» DATA:
::::
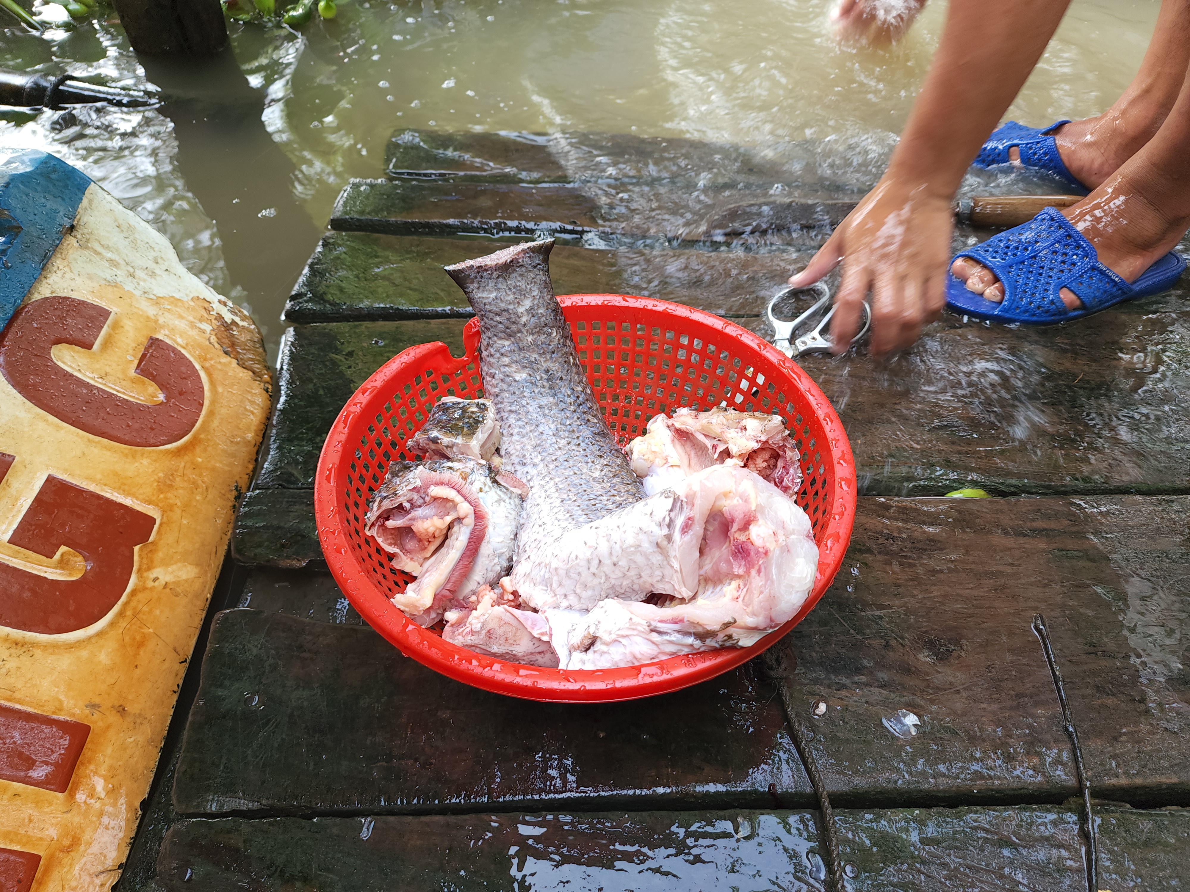 집앞 냇가에서 까럽 생선을 손질합니다.
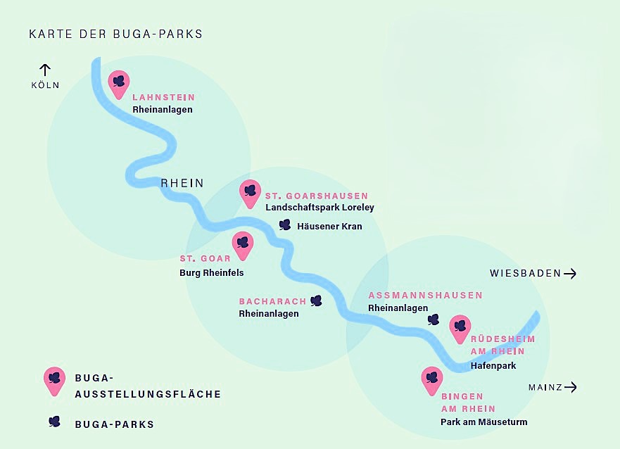 Výstava BUGA 2029 chce celé údolí Středního Porýní zaplavit květy. Podél přibližně 67 kilometrů toku Rýna vznikne osm BUGA parků s pěti placenými výstavními plochami, doplněnými o výrazná místa pro kulturní a společenské akce. Celý koncept je navržen tak, aby návštěvníci mohli krajinu objevovat postupně, vlastním tempem a podle vlastních zájmů.
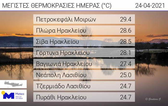 Σύμφωνα με τον Διευθυντή Ερευνών στο Εθνικό Αστεροσκοπείο Αθηνών, Κ. Λαγουβάρδο, οι 8 υψηλότερες τιμές θερμοκρασίας που κατέγραψαν οι σταθμοί του Εθνικού Αστεροσκοπείου Αθηνών/meteo.gr στο νησί δίνονται στον πίνακα που ακολουθεί.
::::
Exactly the lines from the one that contains "Výstava BUGA 2029" to the last line of the data, both included, should be set down, and no pictures should appear among them.

» EXERCISE SOLUTION:
 Výstava BUGA 2029 chce celé údolí Středního Porýní zaplavit květy. Podél přibližně 67 kilometrů toku Rýna vznikne osm BUGA parků s pěti placenými výstavními plochami, doplněnými o výrazná místa pro kulturní a společenské akce. Celý koncept je navržen tak, aby návštěvníci mohli krajinu objevovat postupně, vlastním tempem a podle vlastních zájmů.
 Σύμφωνα με τον Διευθυντή Ερευνών στο Εθνικό Αστεροσκοπείο Αθηνών, Κ. Λαγουβάρδο, οι 8 υψηλότερες τιμές θερμοκρασίας που κατέγραψαν οι σταθμοί του Εθνικού Αστεροσκοπείου Αθηνών/meteo.gr στο νησί δίνονται στον πίνακα που ακολουθεί.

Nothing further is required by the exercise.